Form of Supplement letter agreement dated 2/2/06 among the Registrant, Morgan Joseph & Co., Wedbusch Morgan Securities and each of David M. Connell, Lawrence Glascott, Manuel Marrero and JamesB.Roszak

EX-10.8 5 a14638a2exv10w8.htm FORM OF SUPPLEMENT LETTER AGREEMENT DATED 2/2/06 AMONG THE REGISTRANT, MORGAN JOSEPH & CO., WEDBUSCH MORGAN SECURITIES AND EACH OF DAVID M. CONNELL, LAWRENCE GLASCOTT, MANUEL MARRERO AND JAMESB.ROSZA exv10w8
 

EXHIBIT 10.8
February 2, 2006
General Finance Corporation
206 S. Los Robles, Suite 217
Pasadena, CA 91101
Morgan Joseph & Co.

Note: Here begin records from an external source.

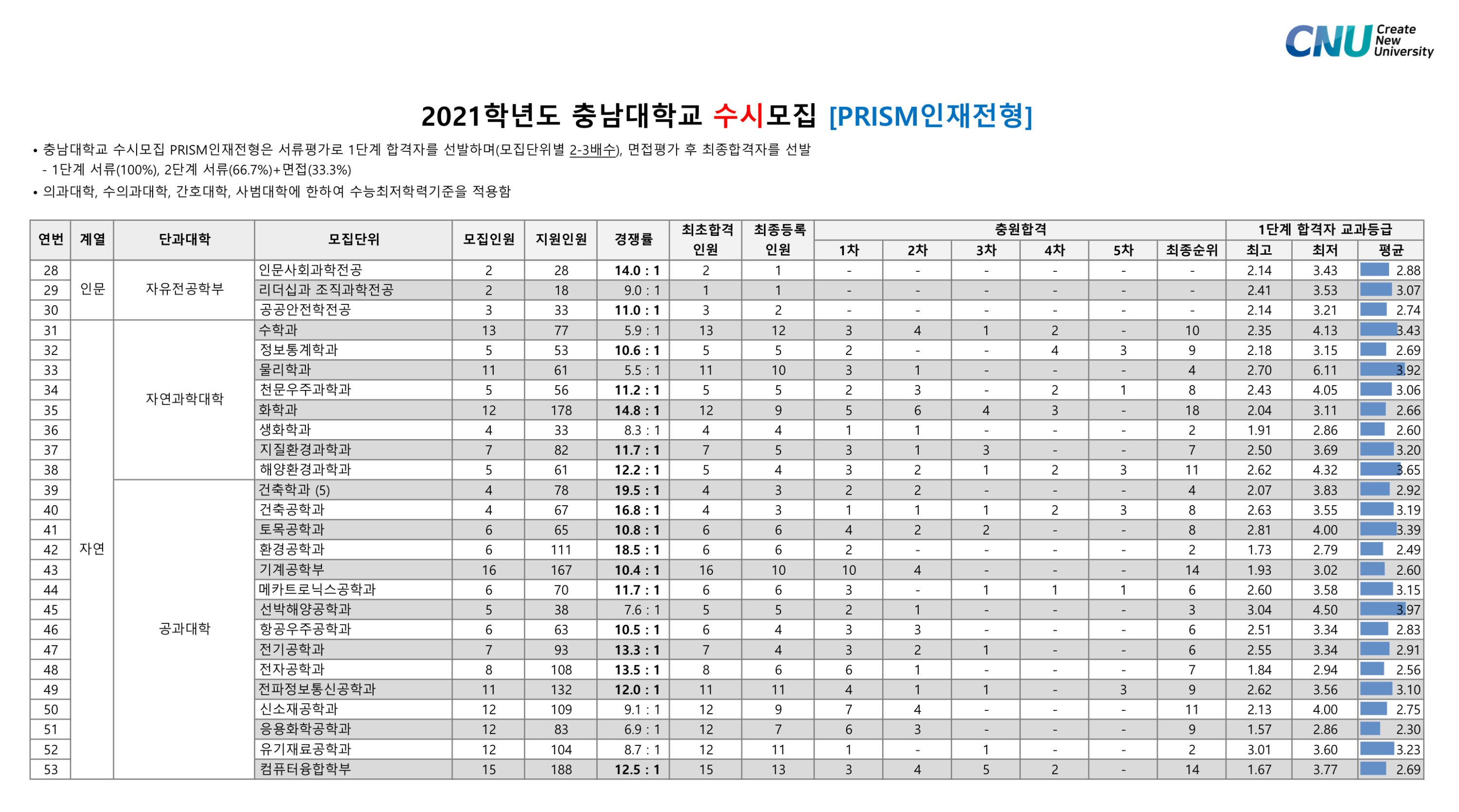 2021학년도 충남대학교 학생부종합 PRISM인재전형 수시등급 2021학년도 충남대학교 학생부종합 소프트웨어인재, 영농창업인재전형 수시등급
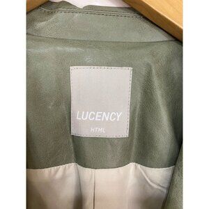 Genuine People Lucency Size Medium Green Faux Leather Open Front Blazer Jacket
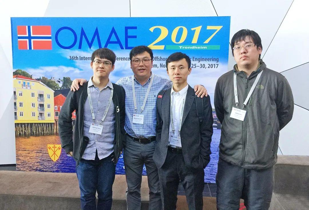 ▲陈念众(左二)与3位博士研究生一起参加2017年的海洋、离岸及极地工程国际会议(OMAE)
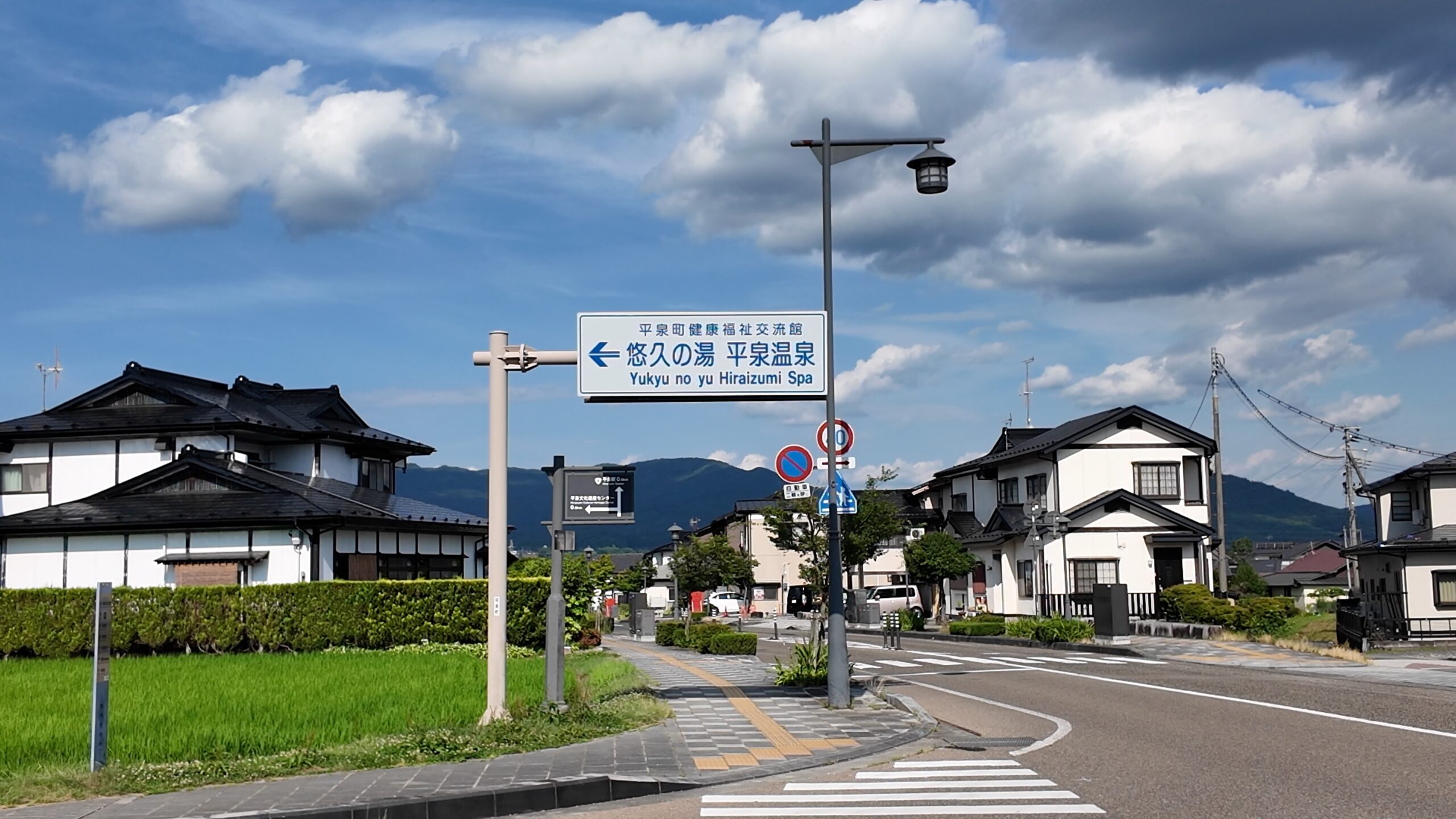 毛越寺の見学後は日帰り温泉に行ってみる事にしました。案内に沿って歩いて行きます。

Inc.
600 Fifth Avenue, 19th Floor
New York, New York 10020
Wedbush Morgan Securities
275 Madison Avenue, Suite 1203
New York, New York 10016
     Re:      Initial Public Offering
Gentlemen:
     Reference is made to that certain letter dated as of November 15, 2005 (the “Original Letter Agreement”) whereby the undersigned officer and/or director of General Finance Corporation (the “Company”) made certain representations to and agreements with Morgan Joseph & Co. Inc. (“Morgan Joseph”) and Wedbush Morgan Securities (“Wedbush Morgan”) in connection with the initial public offering of the securities of the Company (“IPO”). By this letter agreement (the “Supplemental Agreement”), the undersigned hereby agrees to the following:
  1.   The undersigned shall not exercise his/her conversion rights set forth in the Company’s Certificate of Incorporation, as amended, with respect to any securities issued in the IPO, whether the undersigned purchases such securities in the IPO or thereafter.
  2.   Capitalized terms used in this letter shall have the meanings ascribed to them in the Original Letter Agreement.
  3.   Except as specifically set forth in this Supplemental Agreement, the Original Letter Agreement remains in full force and effect.